I'll second the AR-15 platform. The 6.5 in either Grendel or Creedmore is a better choice than an overweight .308. Check the reviews on the 6.5...........


----------



## John B. (Oct 2, 2007)

woody said:


> I'll second the AR-15 platform. The 6.5 in either Grendel or Creedmore is a better choice than an overweight .308. Check the reviews on the 6.5...........

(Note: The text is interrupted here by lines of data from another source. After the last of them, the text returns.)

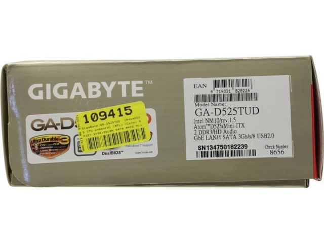 | GIGABYTE GA-D525TUD rev1.5 (AtomD525 CPU onboard) (RTL) <Intel NM10> SVGA+GbLAN SATA Mini-ITX 2DDR3 |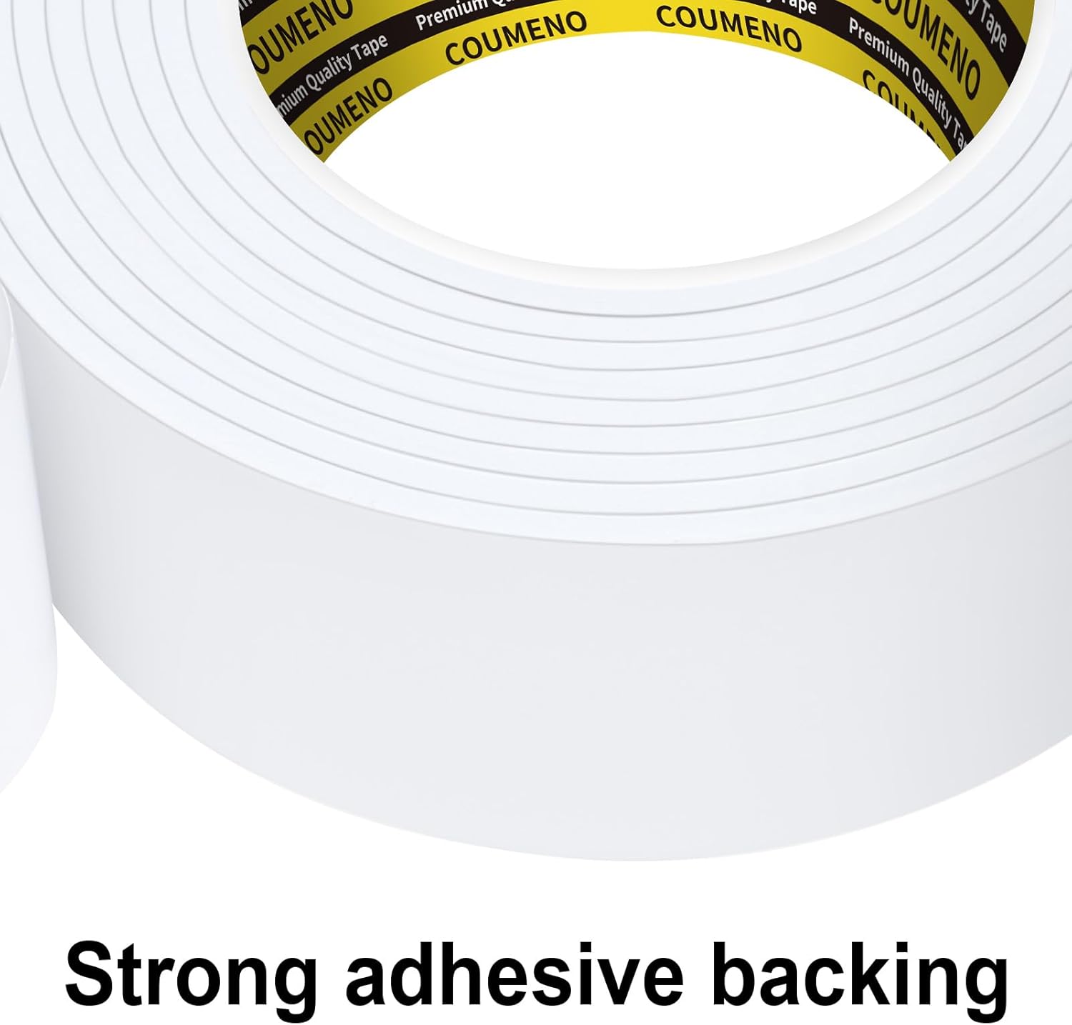2 Pack Single-Sided Adhesive White Foam Tape 1.2inX16.4FT Single-Sided Sealing Strip Foam Pad Sponge Tape Window Weatherproof, Self-Adhesive Insulation Sealing Tape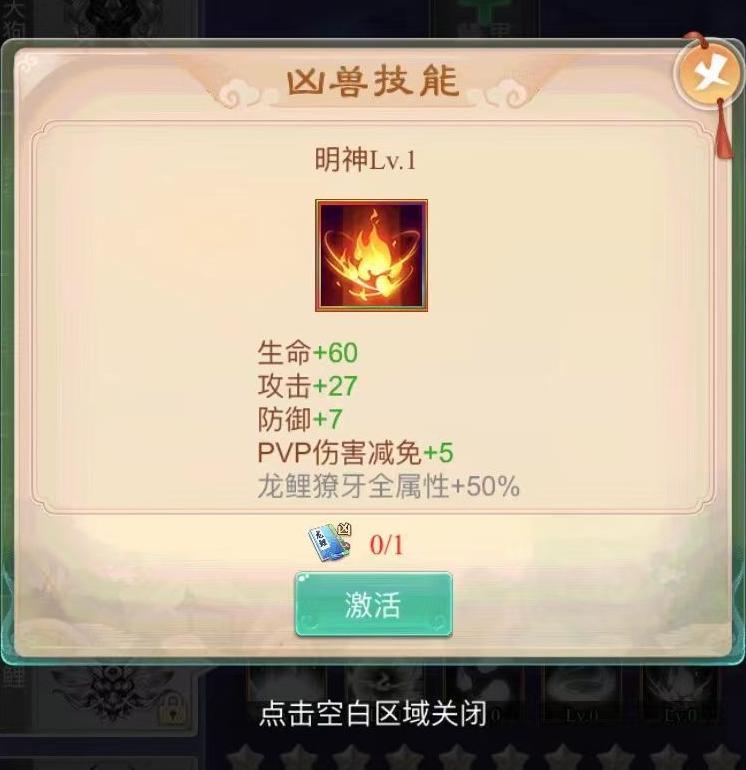 在配置凶兽时,部分凶兽的觉醒或普通技能具备PVP伤害减免效果。其中龙鲤表现尤为突出,其觉醒技能龙门之威可为主角提供15%的单体与群体伤害减免,在同类中减伤效果最为显著,因此推荐优先选用。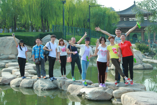 活動開始前,大家就已換上運動衣和運動鞋,精神抖擻,整裝待發(fā)。下午三點半活動正式開始。路線規(guī)劃是從曲江遺址公園西門出發(fā),繞著曲江南湖行走一圈,再回到起點。曲江南湖是古都長安有名的風景區(qū),曲江南湖周圍綠樹環(huán)繞,空氣清新,各種吸引眼球的雕塑和亭榭散布于曲江遺址公園內(nèi),選擇此地進行健步走,員工們可以邊行走邊觀賞美景,既鍛煉了身體,又放松了心情。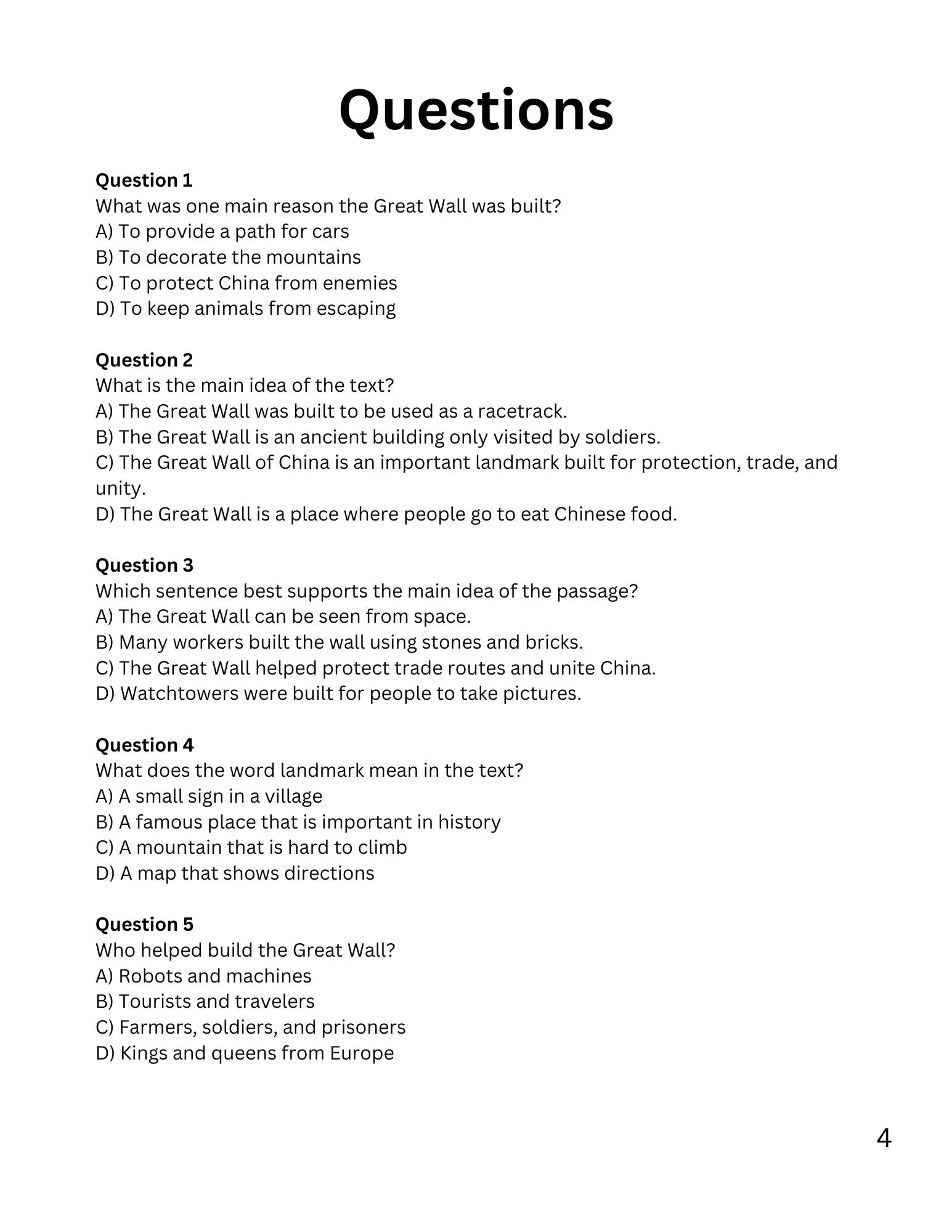 Wiz Kids Reading Test Grade 4: Famous Landmarks Around the World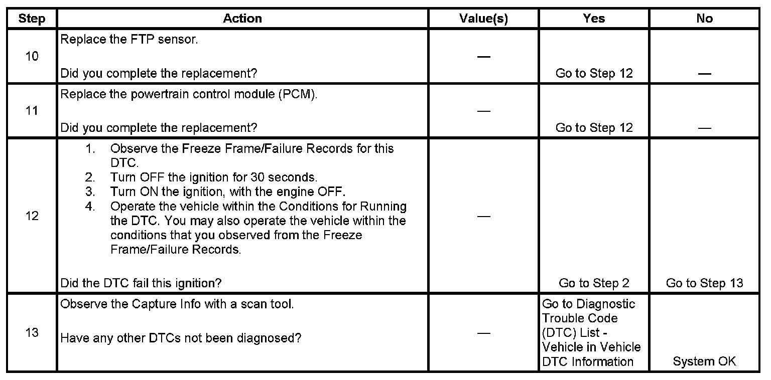 The fuel tank pressure (FTP) sensor measures the difference between the air pressure or vacuum in the evaporative emission (EVAP) system, and the outside air pressure. The control module supplies a 5-volt reference and a low reference circuit to the FTP sensor. The FTP sensor signal circuit voltage varies depending on EVAP system pressure or vacuum. If the FTP sensor signal voltage goes below a calibrated value, this DTC sets.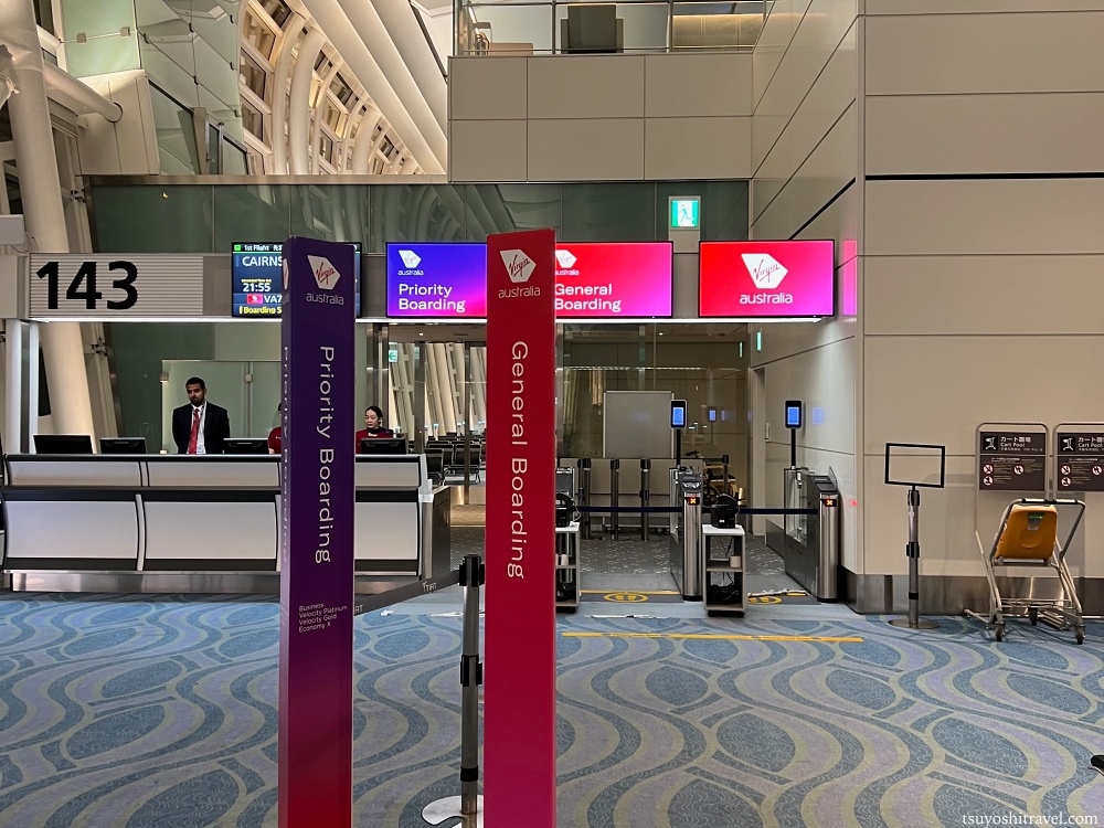 ラーメン完食後は、いよいよ赤紫色がトレードカラーのヴァージンオーストラリア航空のKカウンターに並び搭乗手続きを進める。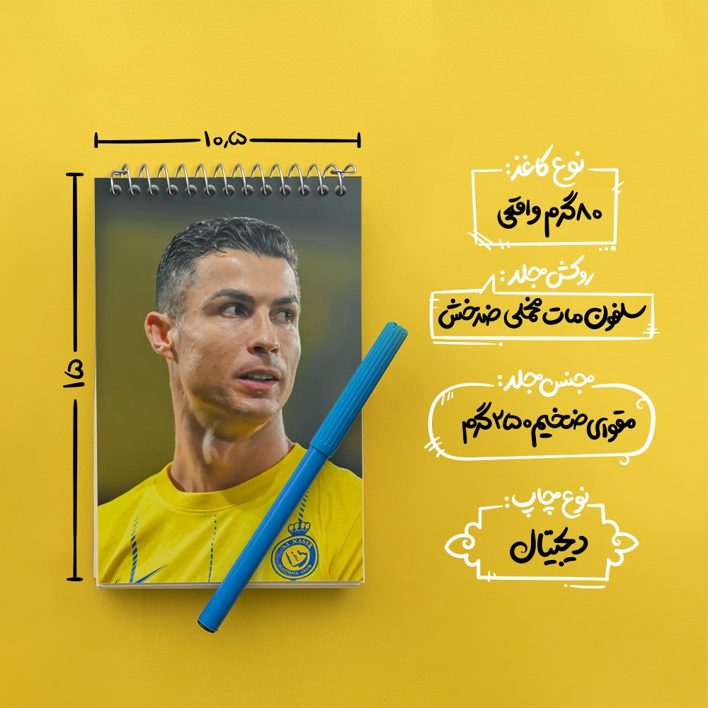 برند خندالو در زمینه تولید انواع دفاتر فانتزی و تحصیلی فعالیت میکند که به دلیل جذابیت ظاهری و طرح های متنوع طرفداران زیادی دارد. دفتر یادداشت خندالو طرح کریستیانو رونالدو محصولی مناسب برای همه عاشقان لوازم التحریر است و همچنین همه کسانی که بنا به موقعیت تحصیل یا شغلشان با دفتر و نوشت افزار زیاد سر و کار دارند. در تولید دفتر یادداشت خندالو طرح کریستیانو رونالدو از نوع صحافی فنر مارپیچ استفاده شده که در این نوع صحافی برگه‌ها به راحتی چرخیده و یا بیرون آورده می شوند.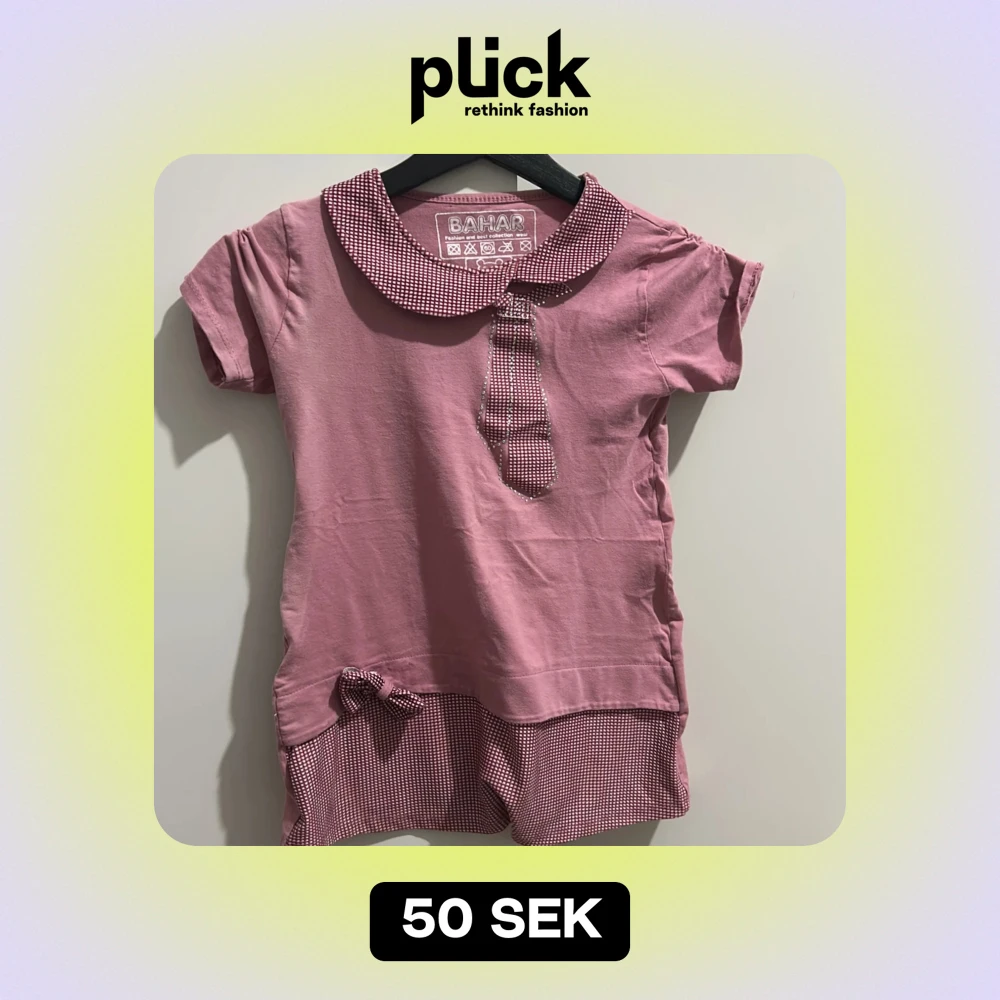 Söt rosa topp från Bahar med korta ärmar och ett rutigt mönster på kragen och nederkanten. Den har en dekorativ rosett och en knytning framtill. Perfekt för en avslappnad dag eller en somrig utflykt!
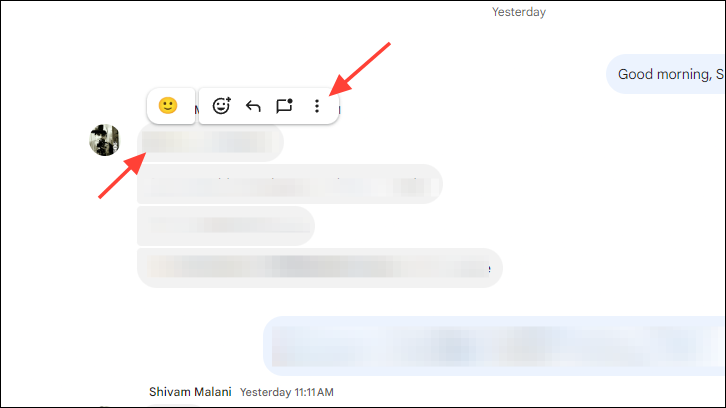 Step 3: Locate the specific message in the conversation. Hover your mouse cursor over the message to reveal additional options, and click on the 'Ellipsis' icon (three vertical dots) that appears.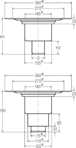 Advantix-korpus odpływu podłogowego nie występuje: nasadka, nr wzoru 4951.15 DN: 70 d: 75 H1: 175 H2: 65 wydajność odpływu przy wysokości spiętrzenia 10 mm: 0.7 wydajność odpływu przy wysokości spiętrzenia 20 mm: 1.6 odpływ pionowy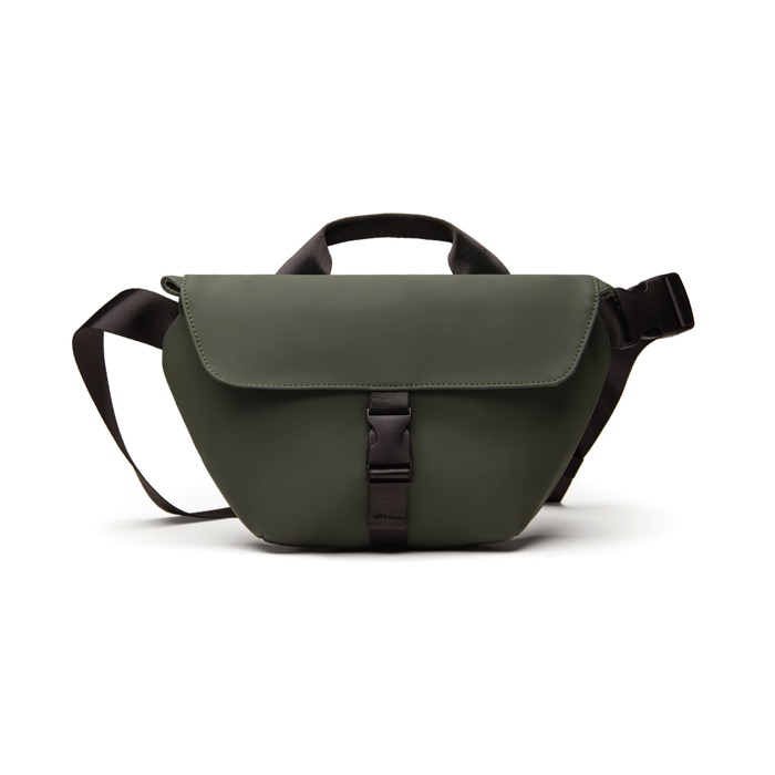 Borsa a tracolla in poliestere riciclato impermeabile con varie tasche

6.5 Creedmoor is the AR 10 platform... The only downside to the 6.5 Grendel is the ammo is ungodly expensive


----------



## Deja vu (Jul 9, 2016)

I jumped in early but no regrets . AP4 .7.62 / .308 - DPMS Zeiss 3-9x50 , RRA modified 2Lb varmint trigger
sub 1" groups with Remington Corbon pictured under rife
I like the 308 , my custom built Leupold 7.62 Kalashnikov is also very accurate with its 2 1/2 Lb trigger


----------



## Grassflatsfisher (Oct 3, 2007)

Instead of .308 mybe consider the 6.8spc. Very capble round at 300+ Yards. Its built off the AR15 platform which makes it about 3-4lbs lighter. I had one for my kids before going all 300blk and it was lights out. Every deer we shot with it died in its tracks. Just a suggestion. Its a much more managable gun and round for a kid/youth. The 300blk is a good round as well but 300yds is pushing it for effectiveness.


Here is a 6.8 kill. 
https://youtu.be/Z2JSgQ5Vwnk


----------